The name of Sgt. Ferhat Daş, a Turkish tank commander who chose to die by suicide rather than open fire on civilians during a controversial coup attempt on July 15, 2016, was posthumously cleared by the İstanbul Chief Public Prosecutor’s Office on Sunday.
Daş was reportedly ordered to deploy from General Nurettin Baransel Barracks to Sabiha Gökçen Airport during the night of the coup attempt. His commanders allegedly told him they were being deployed in response to a terrorist attack that took place at the airport in an attempt to keep him in the dark about the coup plot.
The tank, however, was stopped by civilians before it got to the airport. The civilians tried to inform the soldiers inside the tank about the coup plot in an attempt to get the soldiers to stand down.

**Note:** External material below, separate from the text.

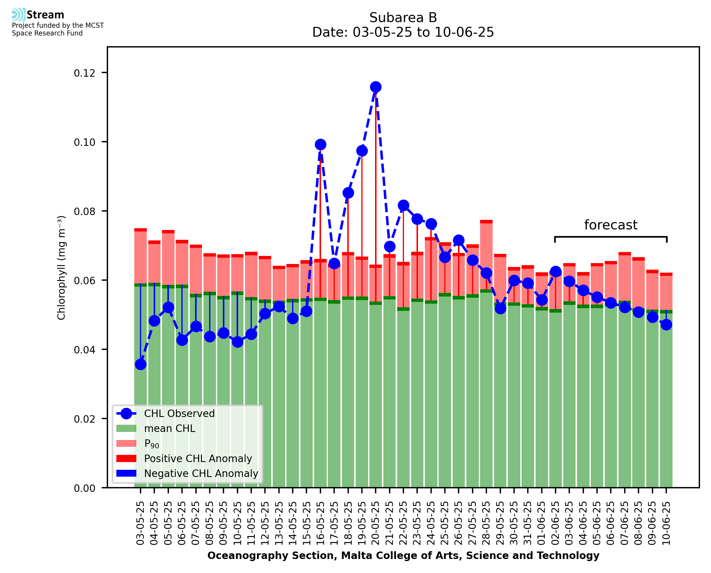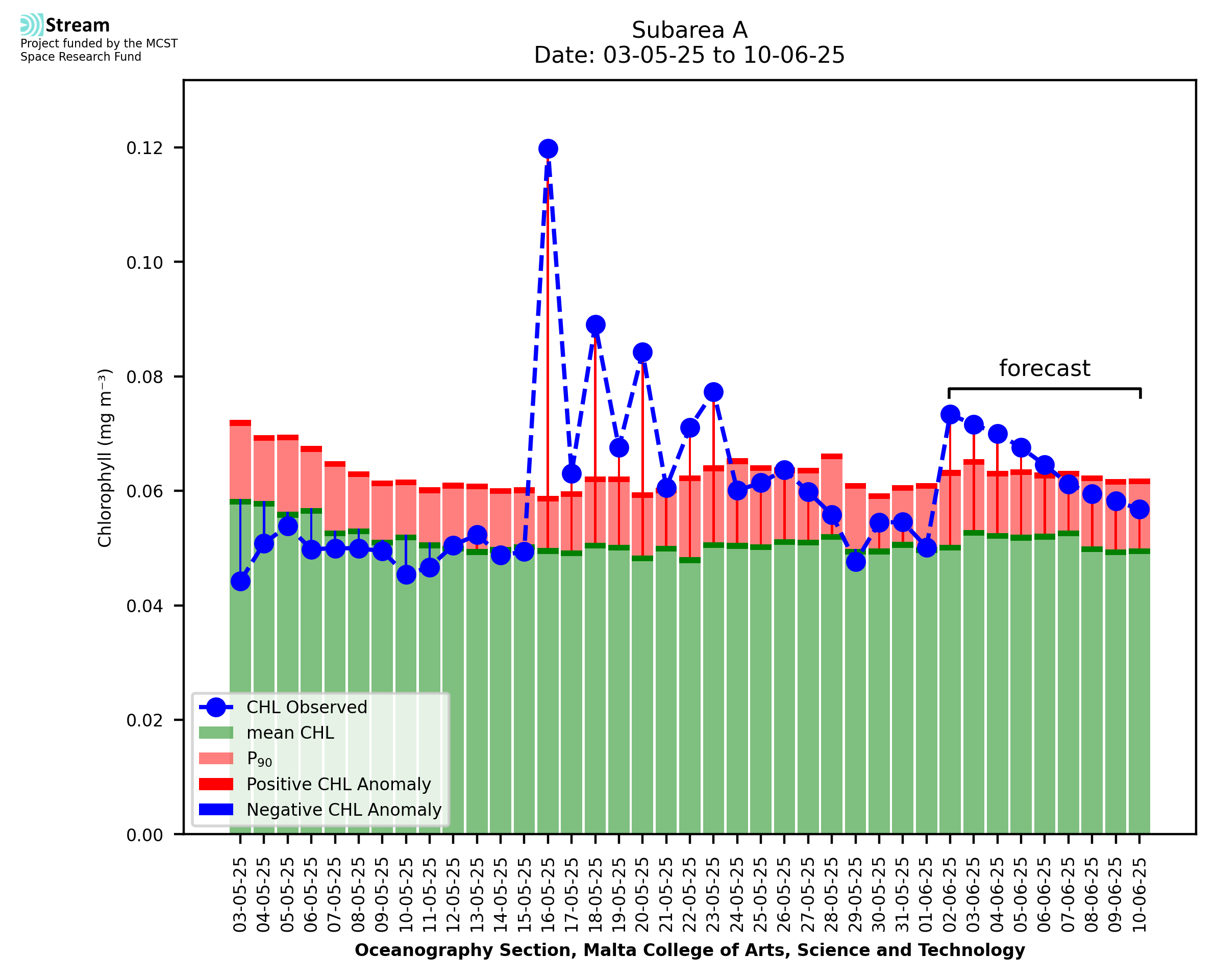 This STREAM service provides daily analysis of mass concentration of chlorophyll-a (CHL) anomalies, including spatial index maps for high chlorophyll occurrence and intensity in the Malta shelf area. User specific requests for data access and visualisation are planned for delivery on the STREAM mobile app. CHL is a core parameter in the Marine Strategy Framework Directive which provides the common framework for the assessment of the state of health of coastal seas to ensure coherence with the set goals of productive, healthy and clean European seas. CHL is considered to be a proxy of phythoplankton biomass and hence for eutrophication. Measuring chlorophyll is an indication of how much primary production is occurring in the sea.

After realizing what was going on and unwilling to harm any civilians, the sergeant decided to stand down and disobey any further orders. After emerging from the tank and having a brief talk with the crowd, Daş was ordered by his commander to fire on the civilians. Upon hearing the order, Daş decided to kill himself, shouting, “I am not a traitor,” before shooting himself in the head.

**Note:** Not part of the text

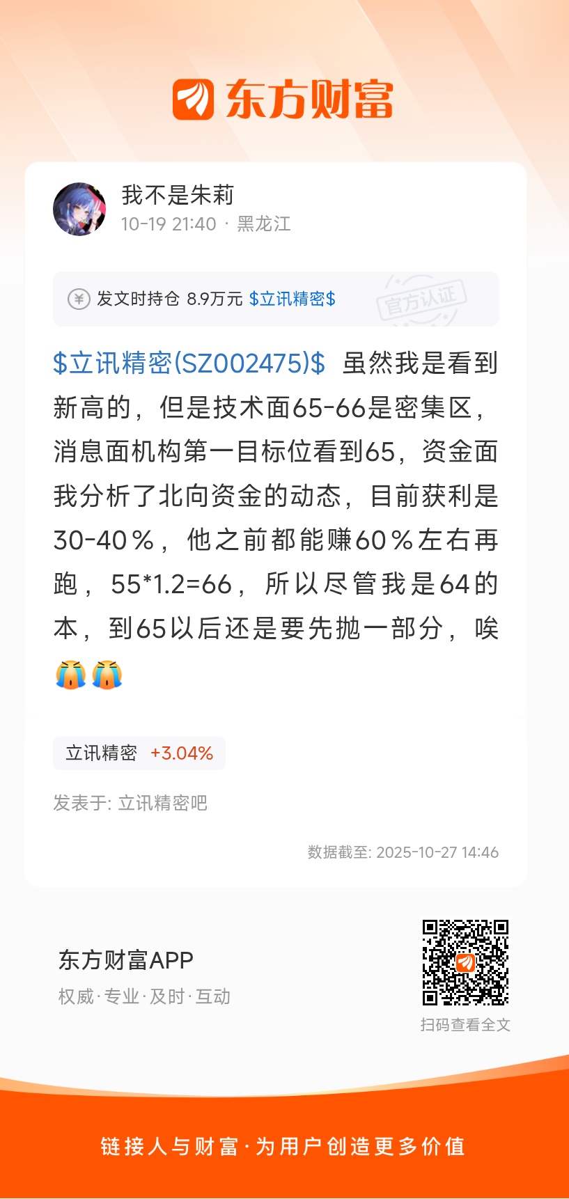 $立讯精密(SZ002475)$ 虽然我是看到新高的,但是技术面65-66是密集区,消息面机构第一目标位看到65,资金面我分析了北向资金的动态,目前获利是30-40%,他之前都能赚60%左右再跑,55*1.2=66,所以尽管我是64的本,到65以后还是要先抛一部分,唉

Ferhat Daş’s family, branded as traitors after the coup attempt according to his mother Fatma Daş, requested that Turkish officials grant martyr status to the deceased soldier following the ruling on Sunday. The family had to organize the soldier’s funeral themselves as he was denied a military funeral. Believing their son to be innocent, the family submitted a request to have their son’s name cleared.
Speaking to the pro-government Demirören news agency (DHA), his mother said she always believed her son to be innocent and that he was not a traitor. “The court decided that he was innocent,” she said. “I lost my son, my heart still aches as it did two years ago. As a mother, I want my son to be granted martyr status so he can rest in peace,” she said.
Ahmet Daş, the sargeant’s father, said that they were not after any money in their request for martyr status. “We just want our son to rest in peace,” he said.
Turkey survived a controversial military coup attempt on July 15, 2016 that killed 249 people. Immediately after the putsch, the Justice and Development Party (AKP) government along with President Recep Tayyip Erdoğan pinned the blame on the Gülen movement.
Fethullah Gülen, who inspired the movement, strongly denied having any role in the failed coup and called for an international investigation into it, but President Erdoğan — calling the coup attempt “a gift from God” — and the government initiated a widespread purge aimed at cleansing sympathizers of the movement from within state institutions, dehumanizing its popular figures and putting them in custody.
Turkey has suspended or dismissed more than 150,000 judges, teachers, police and civil servants since July 15. On December 13, 2017 the Justice Ministry announced that 169,013 people have been the subject of legal proceedings on coup charges since the failed coup.
Turkish Interior Minister Süleyman Soylu announced on April 18, 2018 that the Turkish government had jailed 77,081 people between July 15, 2016 and April 11, 2018 over alleged links to the Gülen movement.